▶ Exercise description
Wherever a picture appears in the data below, omit it, and restate everything else word for word.

___ Given information ___

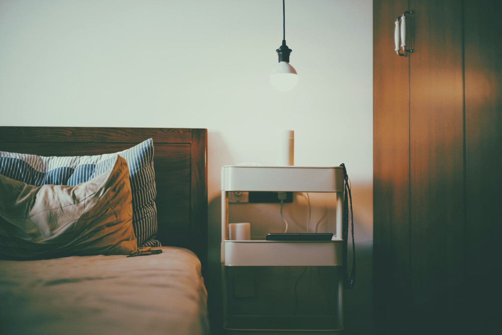 Overvej også duft og belysning. En let duft af lavendel eller bomuld kan skabe ro, mens dæmpet belysning fra lamper med stofskærme giver et varmt og behageligt lys. Kombinér gerne flere lyskilder – loftlampe, sengelamper og eventuelt en lille bordlampe – for at kunne variere stemningen.
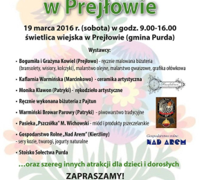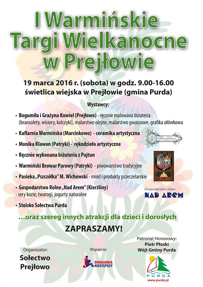 Gmina Purda zaprasza w sobotę 19 marca 2016 roku na I Warmińskie Targi Wielkanocne w Prejłowie, które odbędą się w świetlicy wiejskiej. Zachęcamy twórców rękodzieła oraz wytwórców lokalnych produktów spożywczych z terenu sołectwa i całej gminy Purda do wzięcia udziału w targach. Chętni proszeni są o kontakt pod numerem telefonu: 668 498 421. Udział w targach dla wystawców jest bezpłatny. Ilość miejsc ograniczona.
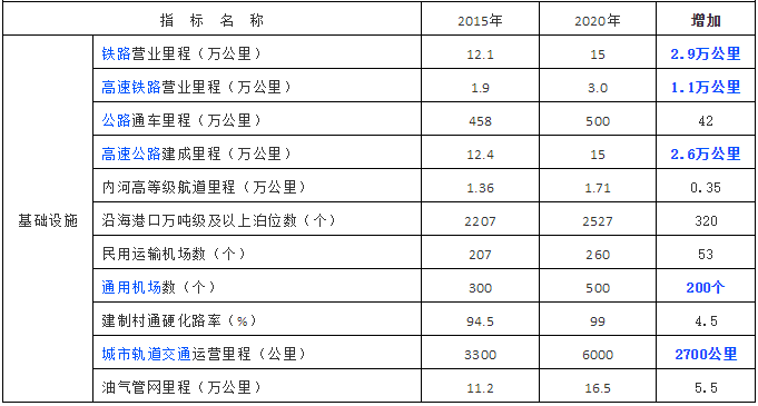 “十三五”基礎設施發展目標

___

▶ Task answer
 Overvej også duft og belysning. En let duft af lavendel eller bomuld kan skabe ro, mens dæmpet belysning fra lamper med stofskærme giver et varmt og behageligt lys. Kombinér gerne flere lyskilder – loftlampe, sengelamper og eventuelt en lille bordlampe – for at kunne variere stemningen.
 Gmina Purda zaprasza w sobotę 19 marca 2016 roku na I Warmińskie Targi Wielkanocne w Prejłowie, które odbędą się w świetlicy wiejskiej. Zachęcamy twórców rękodzieła oraz wytwórców lokalnych produktów spożywczych z terenu sołectwa i całej gminy Purda do wzięcia udziału w targach. Chętni proszeni są o kontakt pod numerem telefonu: 668 498 421. Udział w targach dla wystawców jest bezpłatny. Ilość miejsc ograniczona.
 “十三五”基礎設施發展目標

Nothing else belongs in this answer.